Work task: Transcribe the whole listing without a single picture.

START Data segment

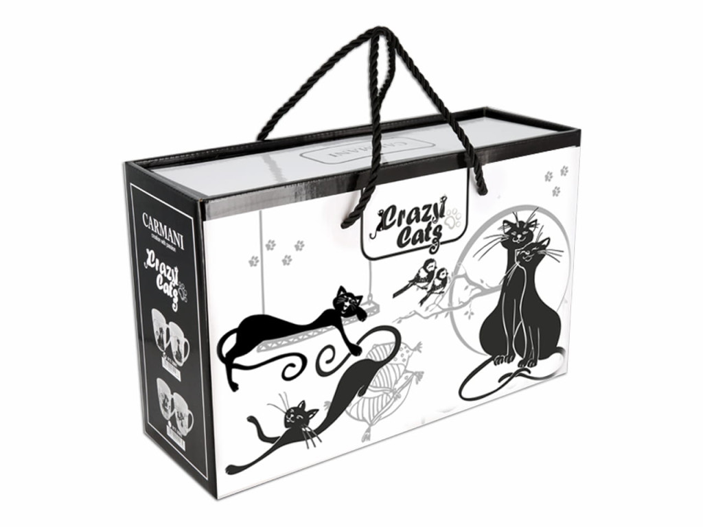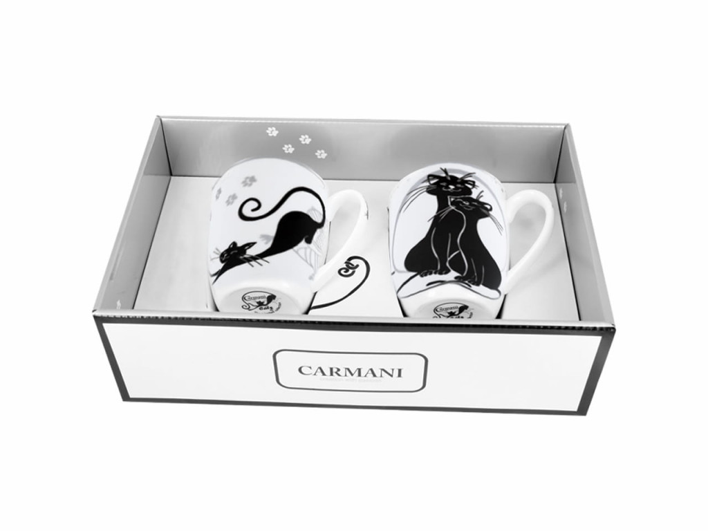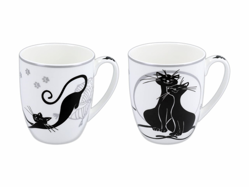 Carmani porcelán bögre - Fekete macskás - 400 ml - 2 db-os szett
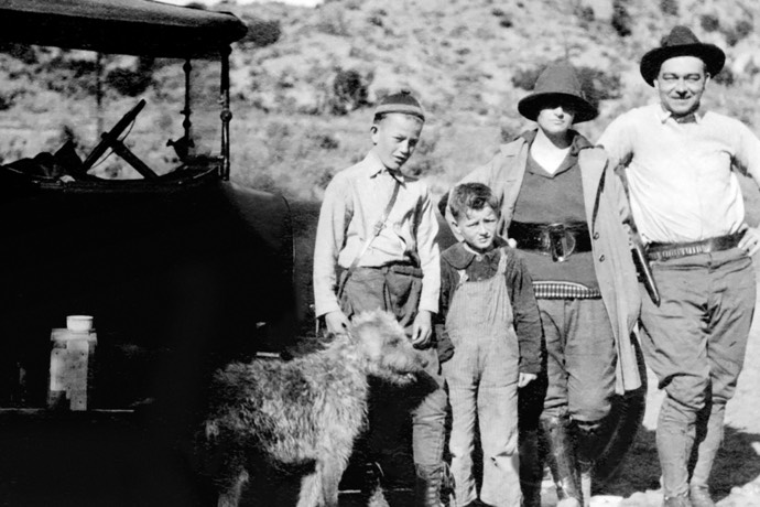The Morrison Family: Marion (aka Duke) with his dog Duke, his younger brother Robert and their parents in Glendale, CA
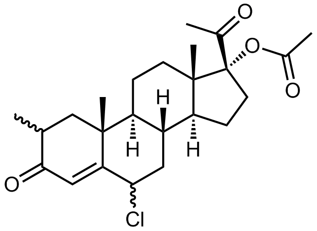 Synonyms: (8R,9S,10R,13S,14S,17R)-17-acetyl-6-chloro-2,10,13-trimethyl-3-oxo-2,3,6,7,8,9,10,11,12,13,14,15,16,17-tetradecahydro-1H-cyclopenta[a]phenanthren-17-yl acetate
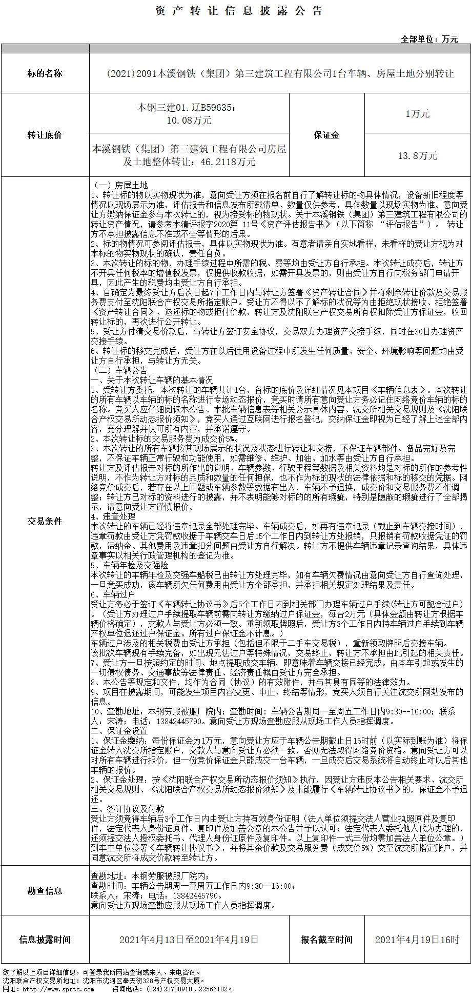 本溪鋼鐵(集團(tuán))第三建筑工程有限公司房屋及土地整體轉(zhuǎn)讓

END Data segment

Written answer:
 Carmani porcelán bögre - Fekete macskás - 400 ml - 2 db-os szett
The Morrison Family: Marion (aka Duke) with his dog Duke, his younger brother Robert and their parents in Glendale, CA
 Synonyms: (8R,9S,10R,13S,14S,17R)-17-acetyl-6-chloro-2,10,13-trimethyl-3-oxo-2,3,6,7,8,9,10,11,12,13,14,15,16,17-tetradecahydro-1H-cyclopenta[a]phenanthren-17-yl acetate
 本溪鋼鐵(集團(tuán))第三建筑工程有限公司房屋及土地整體轉(zhuǎn)讓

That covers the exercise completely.